The announcement of the US plan, drawn up in close collaboration with the Israeli government, was immediately seized by Netanyahu, in the midst of an election campaign and facing legal proceedings on charges of bribery and fraud, to intensify measures to confiscate the Palestinian territory in the West Bank and the expansion of Zionist colonization. Such measures are accompanied by the continued ethnic cleansing of the Palestinian population, through the destruction of trees and cultivated fields and houses and economic infrastructure, or by their confinement and segregation, through the Israeli army's narrow mesh of checkpoints and the Wall, which the International Court in The Hague has ruled illegal, and of which the criminal blockade imposed on the Gaza Strip is the most dire example.

The unconditional support of the US administration, along with the silence, if not the active complicity of many countries of the European Union, some of which are governed by the extreme right, has also fuelled the expansionist aggressiveness towards the states of the region, particularly Syria, which Israel  frequently bombs while proclaiming its intention to annex the Golan Heights, sovereign territory of that country occupied in 1967.

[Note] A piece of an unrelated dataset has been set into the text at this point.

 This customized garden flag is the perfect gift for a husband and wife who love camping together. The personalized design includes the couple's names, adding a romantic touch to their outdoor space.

On the pretext of measures to prevent the COVID-19 pandemic, Netanyahu imposed on the borders of the State of Israel a regime of curtailment of freedoms that includes the generalized geo-referencing of the population, police tools that fill the oppressive daily lives of the Palestinians under occupation. The repressive action of the Israeli army, far from slowing down, has intensified, a fact sadly highlighted by the recent murder of a young Palestinian, Sufian Khawaja, in Nilin, on the West Bank.

The COVID-19 pandemic affects the entire Palestinian population, but the situation is particularly dramatic in the refugee camps, where the crisis in the funding of UNRWA, the United Nations agency for Palestinian refugees, is making itself felt as a result of US policy, and in Israeli prisons, where about 5,000 Palestinians are incarcerated, including men, women and children, subjected daily to humiliation, torture and deprivation of all kinds.

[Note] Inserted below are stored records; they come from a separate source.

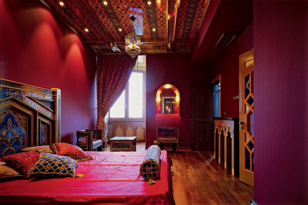 Восточный стиль — используются различные национальные культуры стран Востока (Китай, Япония, Марокко, Индия и др.). Спальня в восточном стиле, представленная на фото в интернете, может оформляться как с использованием национальных элементов одной страны, так и общевосточных принципов. Допускается использовать восточные ковры, бахрому, оригинальные орнаменты, множество разноцветных подушек, различные национальные элементы в декоре (вазы, статуэтки, светильники).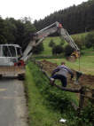 Am 28. und 29.07.2012 hat die Schützenbruderschaft unter tatkräftiger Hilfe vieler Mitglieder Versorgungsleitungen zur Vogelwiese verlegt. Damit sind nun alle vormaligen, provisorischen Maßnahmen zur Ausrichtung des Vogelschiessens überflüssig geworden. Besonderer Dank gilt hierbei Klaus Liese der RWE Meschede und Herrn Werner Funke. Durch die Unterstützung konnten ein Hydrant und ein Stromkasten auf dem Vorplatz gesetzt werden. Der Wasser- und Stromanschluss werden von Ludger Henke bereitgestellt und die Leitungen verlaufen über die Wiese von Michael Krewing. Von nun an kann sowohl die Bedienung der Vogelschiessanlage, als auch die Versorgung des Bierwagens problemlos sichergestellt werden.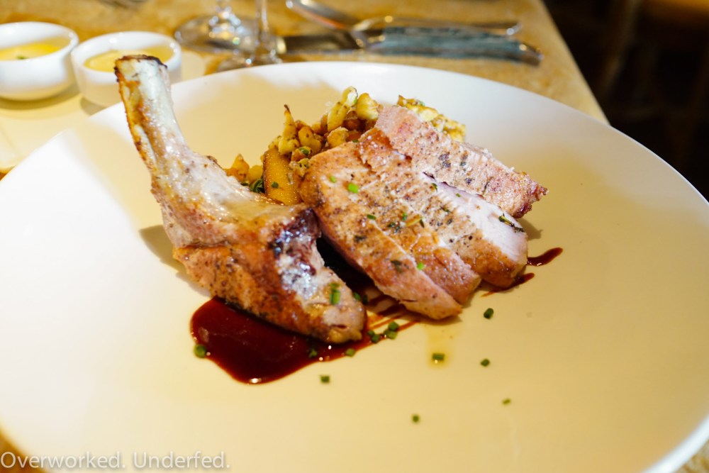Kurobuta Pork Chop ciopollini, whole grain mustard spätzle, swiss chard, apple cider
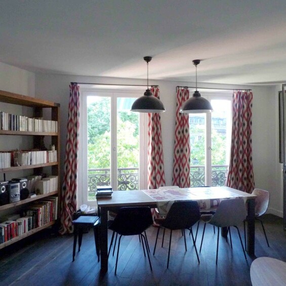 Pour maintenir la perception de l’enfilade des quatre fenêtres sur la rue, nous avons décidé d’installer une verrière. Ce choix judicieux permet de préserver la transparence et l’ouverture de l’espace tout en offrant la possibilité de moduler l’intimité grâce à des rideaux en chanvre, dissimulant ou révélant les zones à volonté.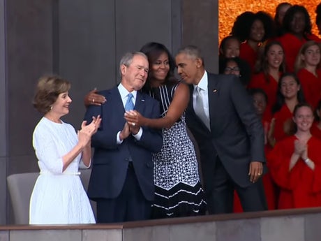 “It shocked me,” said Mr Bush, who recalled the reaction to a photo of him hugging Ms Obama at the opening of the National Museum of African American History and Culture in Washington DC in 2016.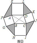 以?ABCD的四条边为边,在其形外分别作正方形,如图②,连接EF、GH、IJ、KL.若图中阴影部分四个三角形的面积和为12,则?ABCD的面积为________.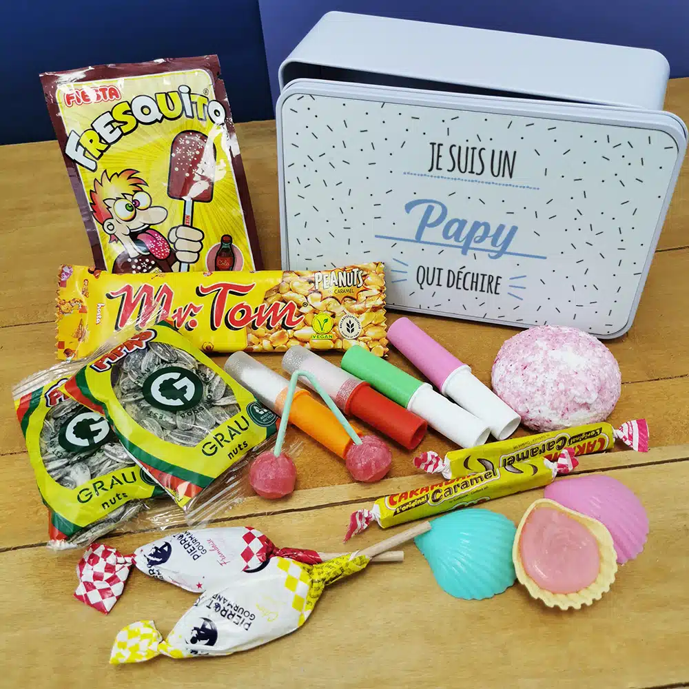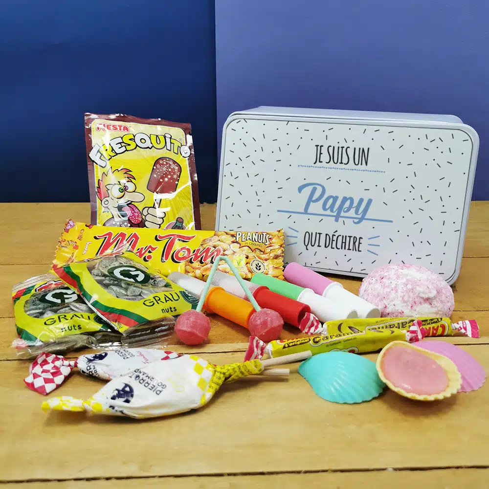 Le coffret cadeau bonbons des années 70 “Je suis un papy qui déchire” contient :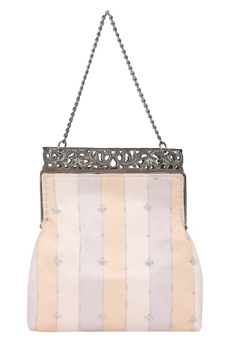Gunmetal wrist chain for easy carrying, Hand-embroidered floral design with zardozi highlights, Color block pattern with satin finish

The situation in Gaza is also very worrying, a territory that the UN has estimated is already unsustainable for supporting human life. The thirteen-year blockade imposed on nearly two million people and Israel's deadly military offensives have left health services barely able to function. Under these conditions, the impact of the pandemic could be catastrophic. More than ever, it is urgent and imperative that there be no lack of international solidarity in demanding the lifting of the criminal Israeli blockade and in mobilizing the necessary resources to address the seriousness of the situation there.

Faithful to its longstanding commitment to the national cause of the Palestinian people, MPPM, in marking the Land Day, salutes all men and women in the West Bank, Gaza Strip, Jerusalem or at the borders of the State of Israel, in the refugee camps and in the diaspora, who continue a firm, courageous and determined struggle for the affirmation of their inalienable national rights, against the occupation and for the establishment, in accordance with international law and legality, of the free, independent, sovereign and viable State of Palestine, with its capital in East Jerusalem, and a just solution to the plight of the Palestinian refugees, in accordance with relevant United Nations resolutions.